> What is required:
All lines in the records below with the word "разместить" must be returned.

> Information given:
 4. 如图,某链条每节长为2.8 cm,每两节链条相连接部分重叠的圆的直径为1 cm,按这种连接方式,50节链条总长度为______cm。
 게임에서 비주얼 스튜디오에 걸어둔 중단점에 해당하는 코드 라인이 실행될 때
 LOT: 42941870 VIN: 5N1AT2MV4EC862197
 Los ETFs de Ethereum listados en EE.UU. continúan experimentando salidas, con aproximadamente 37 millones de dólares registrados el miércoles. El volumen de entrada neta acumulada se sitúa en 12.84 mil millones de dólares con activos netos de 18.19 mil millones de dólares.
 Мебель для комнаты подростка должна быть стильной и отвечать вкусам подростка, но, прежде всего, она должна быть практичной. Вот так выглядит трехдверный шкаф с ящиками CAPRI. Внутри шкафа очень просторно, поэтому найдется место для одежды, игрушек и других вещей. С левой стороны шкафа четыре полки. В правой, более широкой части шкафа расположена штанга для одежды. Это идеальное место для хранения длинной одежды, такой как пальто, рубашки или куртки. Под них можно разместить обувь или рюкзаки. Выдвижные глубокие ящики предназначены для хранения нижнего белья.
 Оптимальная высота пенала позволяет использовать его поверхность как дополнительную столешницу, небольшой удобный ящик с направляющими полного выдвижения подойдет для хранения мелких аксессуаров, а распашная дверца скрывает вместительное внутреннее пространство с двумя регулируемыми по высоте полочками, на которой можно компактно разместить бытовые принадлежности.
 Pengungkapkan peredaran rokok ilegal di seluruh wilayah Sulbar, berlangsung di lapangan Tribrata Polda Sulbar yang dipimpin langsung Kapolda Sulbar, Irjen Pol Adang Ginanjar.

...

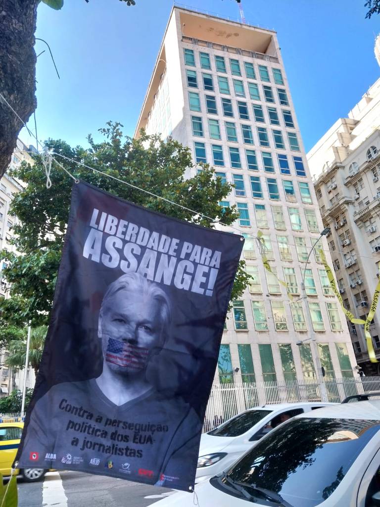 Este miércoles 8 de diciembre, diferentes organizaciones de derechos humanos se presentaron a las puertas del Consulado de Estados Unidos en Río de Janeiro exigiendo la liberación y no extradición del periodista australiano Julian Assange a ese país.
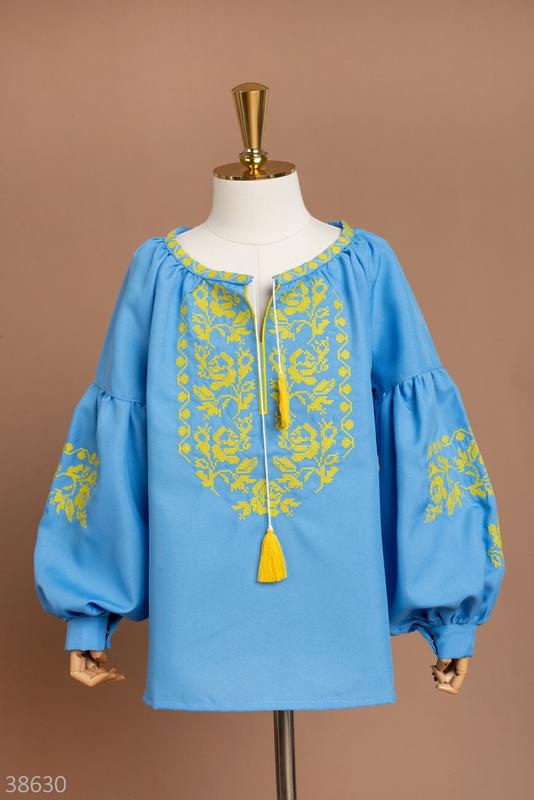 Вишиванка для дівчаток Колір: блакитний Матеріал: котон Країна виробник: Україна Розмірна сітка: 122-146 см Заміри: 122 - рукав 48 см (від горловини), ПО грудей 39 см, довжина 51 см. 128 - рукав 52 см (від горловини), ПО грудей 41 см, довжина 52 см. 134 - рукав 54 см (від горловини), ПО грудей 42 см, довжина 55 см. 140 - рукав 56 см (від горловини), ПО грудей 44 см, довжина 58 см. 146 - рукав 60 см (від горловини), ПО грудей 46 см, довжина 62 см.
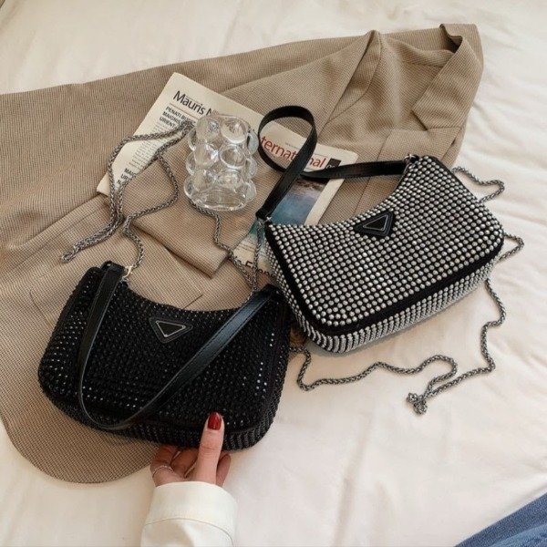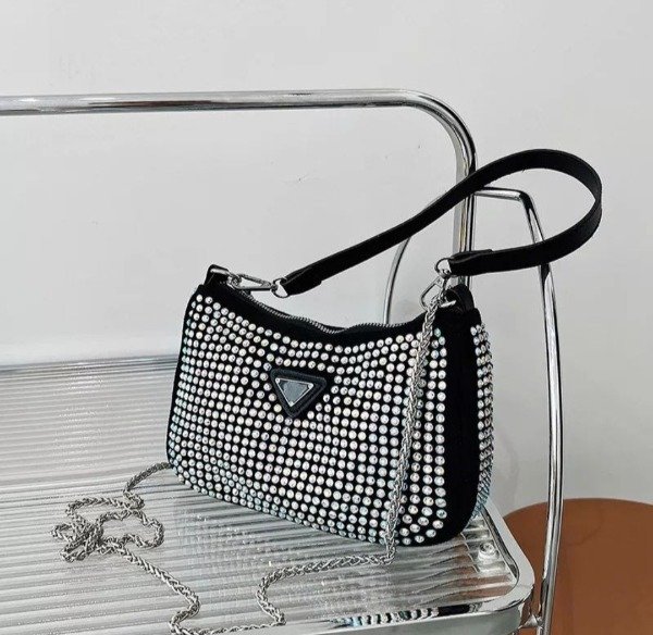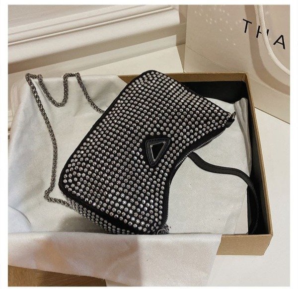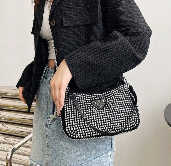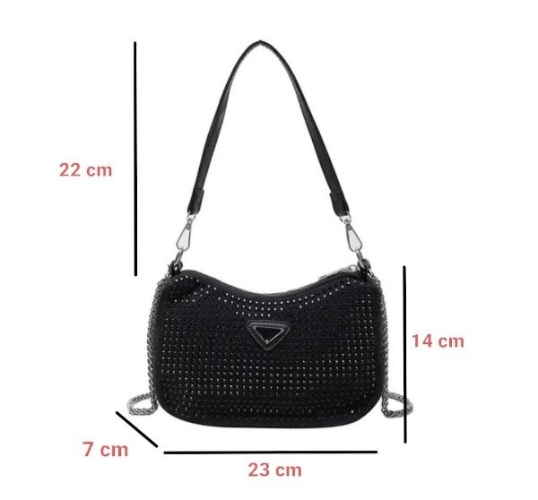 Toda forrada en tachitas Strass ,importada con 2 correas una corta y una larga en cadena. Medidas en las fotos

> Answer to the problem:
 Мебель для комнаты подростка должна быть стильной и отвечать вкусам подростка, но, прежде всего, она должна быть практичной. Вот так выглядит трехдверный шкаф с ящиками CAPRI. Внутри шкафа очень просторно, поэтому найдется место для одежды, игрушек и других вещей. С левой стороны шкафа четыре полки. В правой, более широкой части шкафа расположена штанга для одежды. Это идеальное место для хранения длинной одежды, такой как пальто, рубашки или куртки. Под них можно разместить обувь или рюкзаки. Выдвижные глубокие ящики предназначены для хранения нижнего белья.
 Оптимальная высота пенала позволяет использовать его поверхность как дополнительную столешницу, небольшой удобный ящик с направляющими полного выдвижения подойдет для хранения мелких аксессуаров, а распашная дверца скрывает вместительное внутреннее пространство с двумя регулируемыми по высоте полочками, на которой можно компактно разместить бытовые принадлежности.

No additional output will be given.